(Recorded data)

================

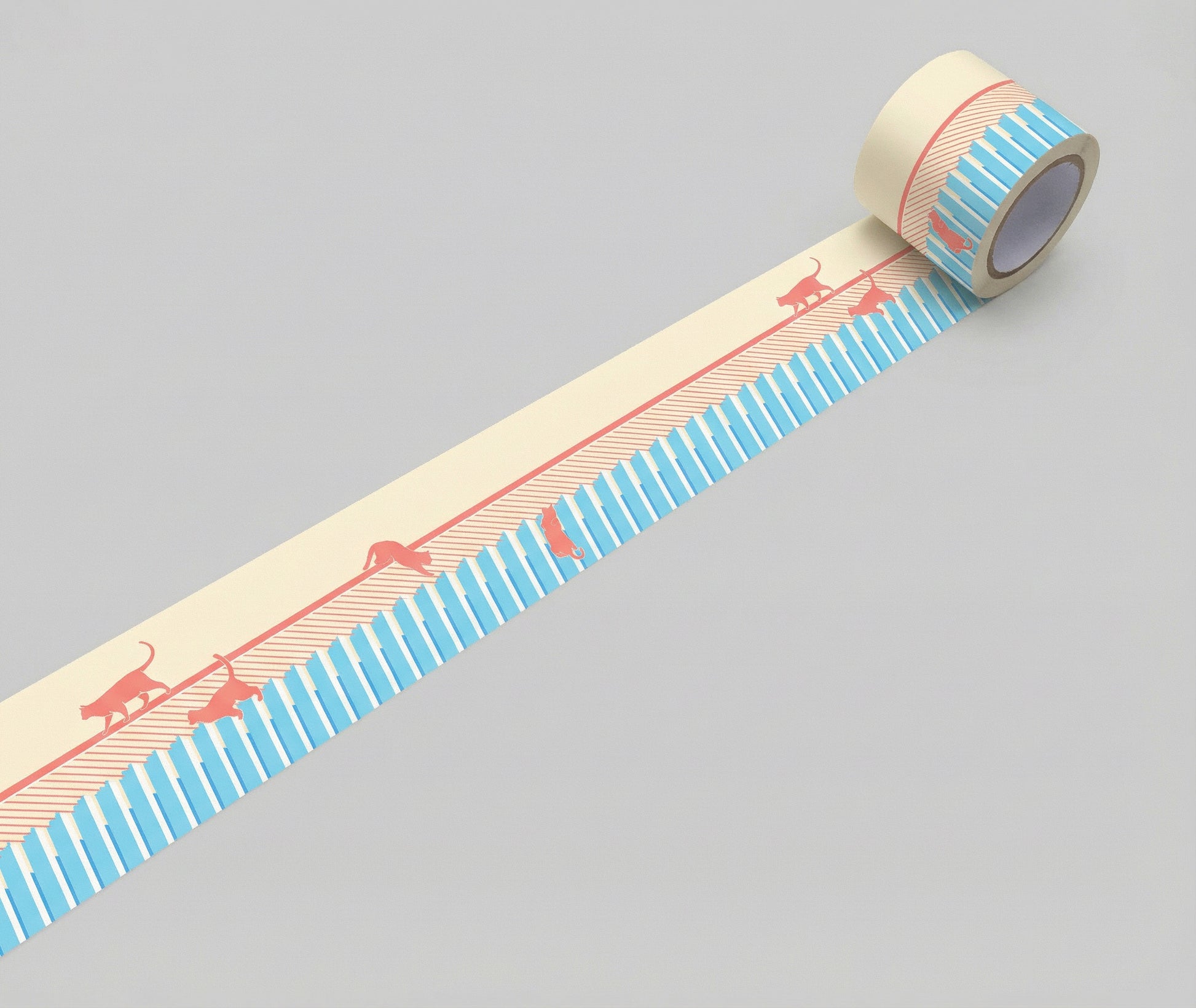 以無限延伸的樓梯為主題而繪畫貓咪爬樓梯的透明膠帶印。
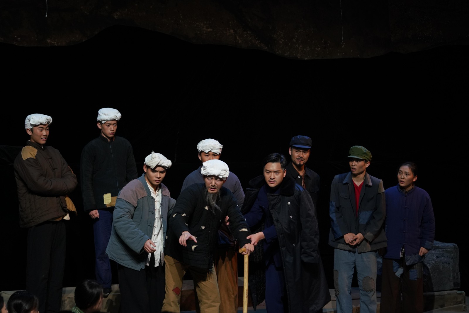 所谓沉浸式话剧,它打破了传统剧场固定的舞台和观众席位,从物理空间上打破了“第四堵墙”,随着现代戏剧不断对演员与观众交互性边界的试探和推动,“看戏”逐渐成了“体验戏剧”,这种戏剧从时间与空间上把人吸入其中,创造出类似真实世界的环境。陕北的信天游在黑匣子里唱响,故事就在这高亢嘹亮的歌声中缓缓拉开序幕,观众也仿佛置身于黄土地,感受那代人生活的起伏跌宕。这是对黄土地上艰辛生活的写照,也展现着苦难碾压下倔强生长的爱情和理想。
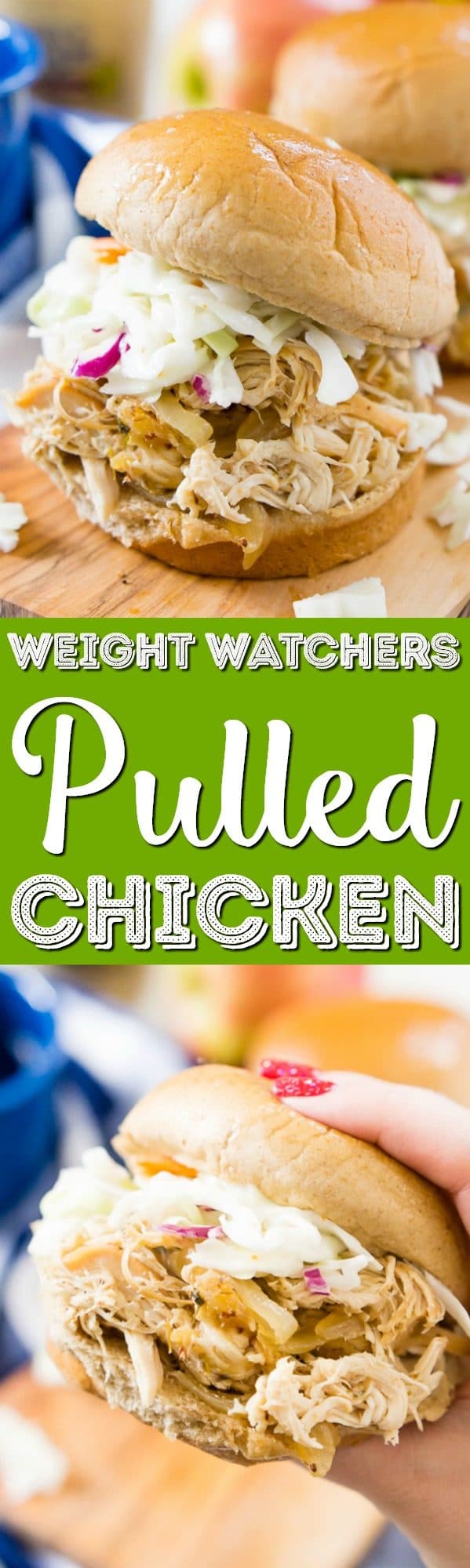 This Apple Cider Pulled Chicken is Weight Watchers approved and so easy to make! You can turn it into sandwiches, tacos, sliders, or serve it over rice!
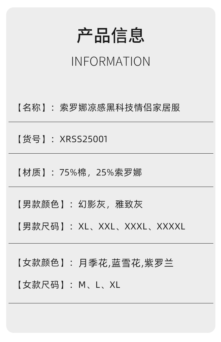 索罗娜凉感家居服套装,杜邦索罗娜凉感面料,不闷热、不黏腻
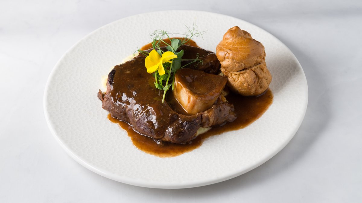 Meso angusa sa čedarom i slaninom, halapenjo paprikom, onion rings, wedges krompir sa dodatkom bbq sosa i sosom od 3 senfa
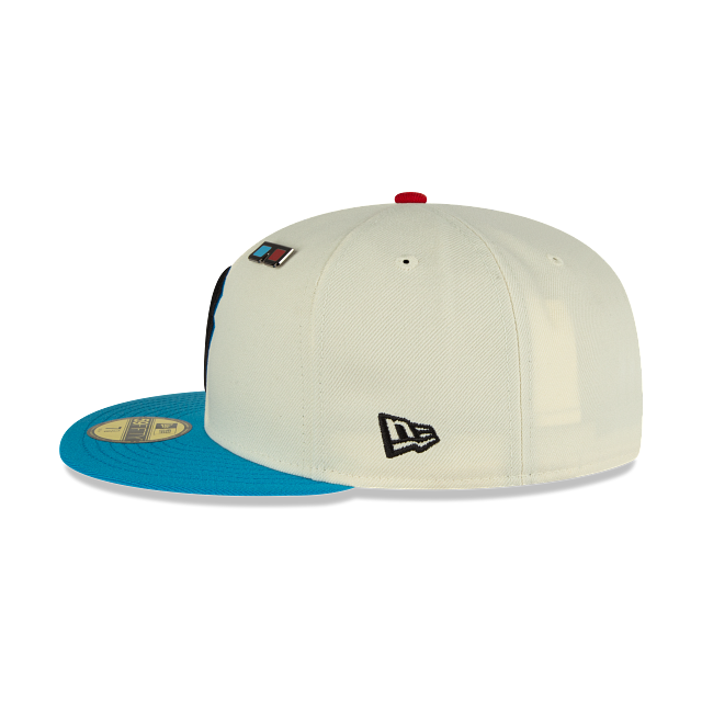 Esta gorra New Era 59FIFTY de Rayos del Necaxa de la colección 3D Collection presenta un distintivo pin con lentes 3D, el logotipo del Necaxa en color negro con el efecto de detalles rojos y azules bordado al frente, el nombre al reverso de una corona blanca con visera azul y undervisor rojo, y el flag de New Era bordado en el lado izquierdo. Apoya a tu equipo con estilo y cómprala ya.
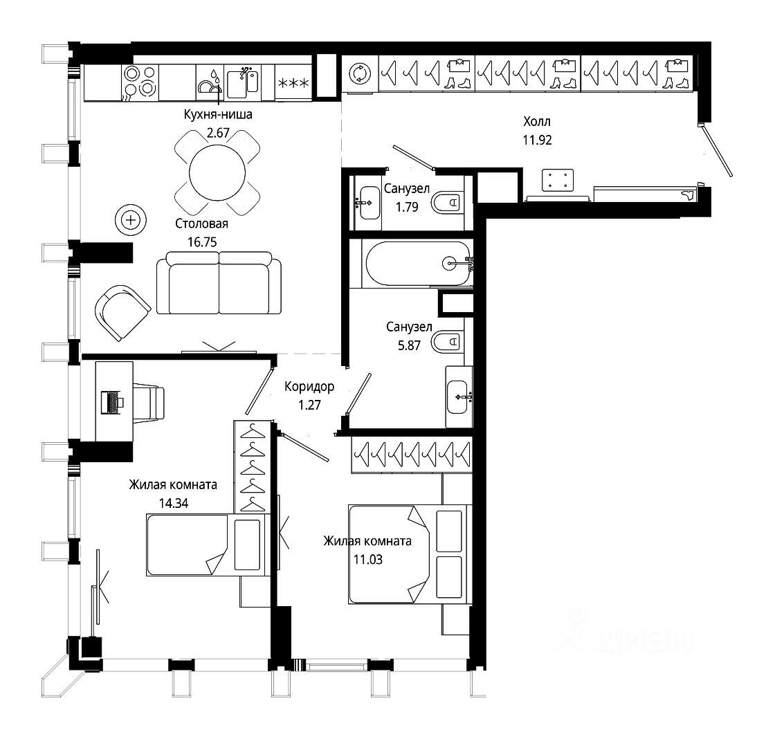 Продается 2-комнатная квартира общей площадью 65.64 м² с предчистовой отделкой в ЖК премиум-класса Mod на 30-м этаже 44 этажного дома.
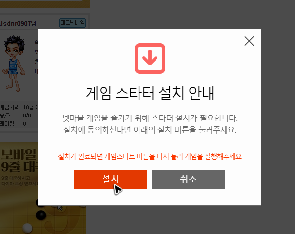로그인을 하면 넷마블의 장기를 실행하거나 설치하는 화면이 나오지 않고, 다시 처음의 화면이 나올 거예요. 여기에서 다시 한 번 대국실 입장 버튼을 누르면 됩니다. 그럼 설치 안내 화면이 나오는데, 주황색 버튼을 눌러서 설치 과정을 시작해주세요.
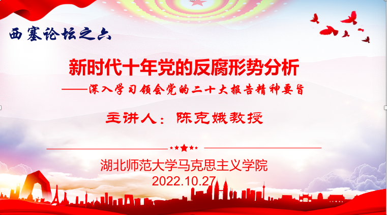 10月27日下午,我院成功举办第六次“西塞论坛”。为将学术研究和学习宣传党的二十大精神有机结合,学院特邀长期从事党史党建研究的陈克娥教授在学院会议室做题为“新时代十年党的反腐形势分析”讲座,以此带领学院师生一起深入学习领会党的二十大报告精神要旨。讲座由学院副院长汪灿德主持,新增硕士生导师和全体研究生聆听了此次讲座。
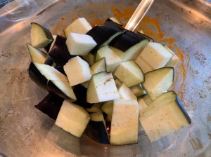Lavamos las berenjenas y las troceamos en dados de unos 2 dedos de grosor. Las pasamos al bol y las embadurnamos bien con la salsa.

================

• _TASK BRIEF_
Return only the lines that start at the line containing "로그인을 하면 넷마블의" and finish at the last line of the entries, exactly as written and without pictures.

• _RESPONSE TO THE EXERCISE_
로그인을 하면 넷마블의 장기를 실행하거나 설치하는 화면이 나오지 않고, 다시 처음의 화면이 나올 거예요. 여기에서 다시 한 번 대국실 입장 버튼을 누르면 됩니다. 그럼 설치 안내 화면이 나오는데, 주황색 버튼을 눌러서 설치 과정을 시작해주세요.
 10月27日下午,我院成功举办第六次“西塞论坛”。为将学术研究和学习宣传党的二十大精神有机结合,学院特邀长期从事党史党建研究的陈克娥教授在学院会议室做题为“新时代十年党的反腐形势分析”讲座,以此带领学院师生一起深入学习领会党的二十大报告精神要旨。讲座由学院副院长汪灿德主持,新增硕士生导师和全体研究生聆听了此次讲座。
Lavamos las berenjenas y las troceamos en dados de unos 2 dedos de grosor. Las pasamos al bol y las embadurnamos bien con la salsa.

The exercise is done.